Modern high-performance rendering requires that the Main Thread (Render Thread) never blocks. Any operation that takes more than 1-2ms should be either:

  1. Offloaded to a background worker thread (for CPU/IO tasks).
  2. Sliced over multiple frames (for heavy GPU tasks).
  3. Fenced for non-blocking status checks (for CPU/GPU data transfers).

Frame Scheduling & Task Interleaving

The following diagram illustrates how the various asynchronous and progressive tasks are interleaved within the main application loop to avoid frame spikes.

%%{init: {
  "theme": "dark",
  "themeVariables": {
    "primaryColor": "#24283b",
    "primaryTextColor": "#ffffff",
    "primaryBorderColor": "#7aa2f7",
    "lineColor": "#7aa2f7",
    "signalColor": "#ffffff",
    "signalTextColor": "#ffffff",
    "messageColor": "#ffffff",
    "messageTextColor": "#ffffff",
    "labelTextColor": "#ffffff",
    "actorTextColor": "#ffffff",
    "actorBorder": "#7aa2f7",
    "actorBkg": "#24283b",
    "noteBkgColor": "#e0af68",
    "noteTextColor": "#1a1b26"
  }
}%%
sequenceDiagram
    participant M as Main Thread
    participant W as Worker Threads
    participant G as GPU

    Note over M: Frame N starts
    M->>M: 1. Poll Async Loader (5ms)
    M->>M: 2. Update IBL Slice (10ms)
    par Parallel Execution
        W->>W: Background I/O & SH Projection
        M->>G: 3. Upload GI Probes (5ms)
    end
    M->>G: 4. Render Scene (15ms)
    M->>G: 5. Swap Buffers (5ms)
    Note over M: Frame N ends (~40ms)

    Note over M: Frame N+1 starts
    M->>M: Poll & Process...

1. Asynchronous CPU Workers

We use dedicated worker threads for tasks that don't require an OpenGL context.

Worker Task Sync Mechanism
Async Loader I/O, Decoding, SIMD Conversion Mutex + CondVar + PBO Handshake
GI Probe Worker SH Projection for Indirect Light Mutex + TryLock (Main thread never waits)

2. PBO-based GPU Transfers

All pixel data movement between CPU and GPU uses Pixel Buffer Objects (PBOs) to enable DMA (Direct Memory Access) transfers and avoid driver-level copies.

Uploads (Textures)

  • Double-Buffering: Prevents the CPU from overwriting a buffer that the GPU is currently reading.
  • Unsynchronized Mapping: GL_MAP_UNSYNCHRONIZED_BIT is used to bypass internal driver checks, ensuring glMapBufferRange returns instantly.

Readbacks (Measurements)

  • Used for: Auto-exposure (luminance), Histogram extraction, and Tracy screenshots.
  • Fence Sync: We insert a glFenceSync after the GPU command.
  • Non-blocking poll: We check the fence state using glClientWaitSync with a 0 timeout.
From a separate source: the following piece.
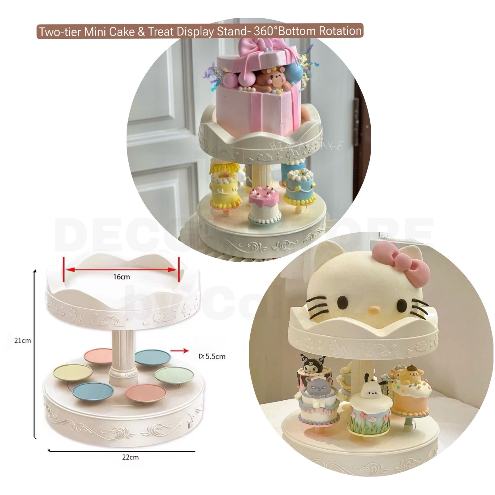 Electric 360° Rotating Two Tier Mini Cake & Treat Display Stand
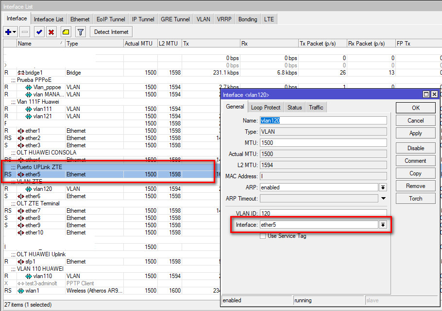 - 4-. La VLAN se asignará al puerto UPLINK de la olt ZTE

If the GPU isn't ready, we skip the update for that frame instead of blocking.

3. Progressive GPU Tasks (Slicing)

Some tasks cannot be offloaded to another thread because they require the primary OpenGL context. To avoid stalls, we split these tasks over multiple frames.

  • IBL Generation: Specular and Irradiance maps are generated slice-by-slice.
  • Resource Initialization: Texture allocation (glTexImage2D) and Mipmap generation are deferred into 3 steps to spread the cost.

4. Handling Driver Deadlocks

Special care is taken for operations that trigger synchronous driver/OS handshakes.

  • Fullscreen Toggle: We call glFinish() to drain the GPU pipeline before switching modes, preventing a known deadlock on NVIDIA hardware where the mode-switch handshake stalls if the command queue is busy.
  • Deferred Resize: Instead of recreating FBOs inside the GLFW resize callback (which can be synchronous), we set a flag and perform the resize at the start of the next frame.

5. Performance Monitoring

The whole system is instrumented with Tracy fibers. This allows you to see exactly when an async load is waiting for the main thread to map a PBO, and how much time the worker spends on converting data.